Circus dinner theater

Teatro ZinZanni in its original location in Seattle's Denny Regrade.

Teatro ZinZanni is a circus dinner theater that began in the neighborhood of Lower Queen Anne in Seattle, Washington. It has since expanded its operations to San Francisco and Chicago.

== History ==
Teatro ZinZanni was created by Norman Langill, and was once described as "the Moulin Rouge meets Cirque du Soleil." The show is a blend of European circus and cabaret and American vaudeville performed in a Belgian spiegeltent (mirror tent). Until mid-2011 the show was produced by the Seattle-based non-profit events company, One Reel. Teatro Zinzanni is now an independent company.

Teatro ZinZanni opened in Seattle on October 29, 1998 for a run initially scheduled to end on Jan. 17, 1999, and ended up playing to sold-out houses until it closed on December 31, 1999. Members of the original cast included tap dancer Wayne Doba, also known for being San Francisco Giants mascot the Crazy Crab, Kevin Kent, and Ann Wilson of the rock group Heart. It then moved its operation to San Francisco, opening there in March 2000 at Pier 29 on The Embarcadero. In 2002, it reopened a permanent operation in Seattle's Belltown district. The operation has since moved to Seattle's theatre district on Mercer Street across from Seattle Center. As of 2017, Teatro ZinZanni has moved to Redmond, Washington, in the Marymoor Park area. This is said to be a temporary location through April 2018, at which time they will move to a permanent location.
Teatro ZinZanni's San Francisco location closed its operation on December 31, 2011, due to the city's preparation for the America's Cup, but has plan to reopen at another location on the Embarcadero after fund-raising is complete.

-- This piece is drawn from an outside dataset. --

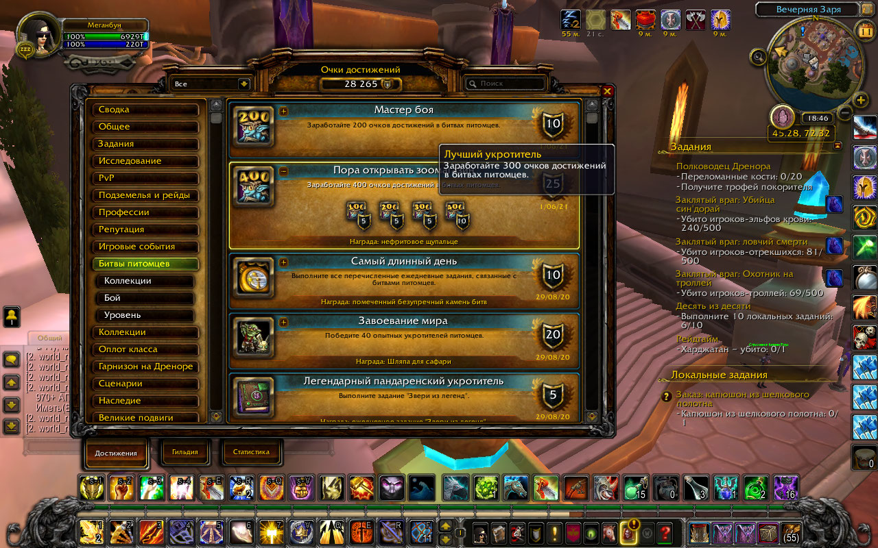 | Additional Information | От тестера: Нужно исправить очередность выдачи достижений При выполнении https://ru.wowhead.com/achievement=6600 не должно давать следующее https://ru.wowhead.com/achievement=7521 | ||||

Teatro ZinZanni opened a Chicago location in the downtown theatre district above the James M. Nederlander Theatre in 2019.

The many performers in Teatro ZinZanni productions have included Joan Baez, Andrea Conway, Duffy Bishop, Yamil Borges, Kevin Kent, Martha Davis of the rock group The Motels, Michael Davis, El Vez, Frank Ferrante, Geoff Hoyle, Sally Kellerman, Liliane Montevecchi, Maria Muldaur, Melanie Stace, and Puddles Pity Party.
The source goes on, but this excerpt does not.